There are many great resources online with collections of publically available datasets, although some of my personal favourites include: 

* [Kaggle (the home for all things Data Science)](https://www.kaggle.com/datasets)
* [University of California, Irvine Machine Learning repository](http://archive.ics.uci.edu/ml/)
* [Quandl](https://www.quandl.com)
* [Amazon's AWS Datasets](http://aws.amazon.com/datasets/)
* [University of Edinburgh's dataset collection](http://www.inf.ed.ac.uk/teaching/courses/dme/html/datasets0405.html)


## 3. Understanding your data

Before you begin modelling your data there is really two important questions

* What kind of task do I want this data to perform with this data (Regression vs Classification vs Clustering)
* What kind of learning do I need to in order to achieve that task (Supervised vs Unsupervised)

### Supervised vs Unsupervised Learning

When discussing learning methods (we want our algorithms to learn features of our data, in order to create models) we often mention what type of learning we wish to do, these are  categorised into *supervised* and *unsupervised* learning tasks. 

#### Supervised

Supervised learning is the process of learning by example, similar to a teacher teaching a student. Your training data consists of training examples where we have some feature/predictor variables and a label/target variable.

$$\mathbf{x} = (x_1,x_2,...,x_n)^T$$
$$f(\mathbf{x}) \rightarrow y  $$

An example of a supervised task would be to determine the credit worthiness, using features obtained from their financial history, and we have similar data of customers of customer who may have defaulted in the past. 

#### Unsupervised

Unsupervised learning is the opposite, our data is unlabeled in this case, and our algorithms try to find some structure or rules based on the data we provide. 

One of the most famous examples of an unsupervised machine learning algorithm in the real world would probably be Googles PageRank algorithm. 

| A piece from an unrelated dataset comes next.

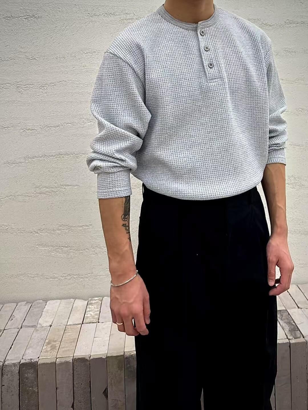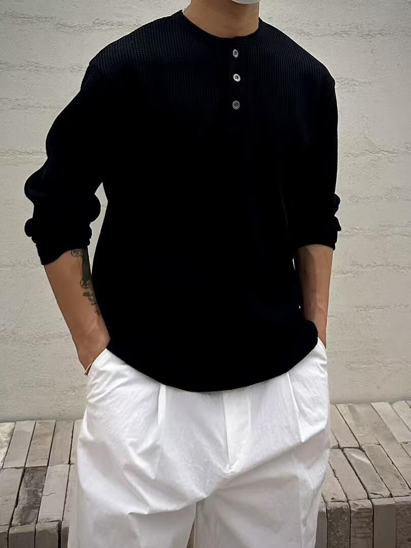 淨色半開胸長袖衫 T5870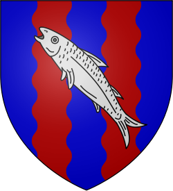A leaping silver trout on a field of blue and mud red (Paly wavy azure and gules, a trout embowed argent) |

### Regression vs Classification vs Clustering 

## Classification

* Classification is probably the most intuitive task, your algorithm will attempt to assign your observations into discrete classes, based on previously observed examples.

* An algorithm that implements classifiation is called a **classifier**, and are instances of a supervised learning task.

* i.e. We are classifying based on example classes we've seen before, where we have some label determining the correct result. 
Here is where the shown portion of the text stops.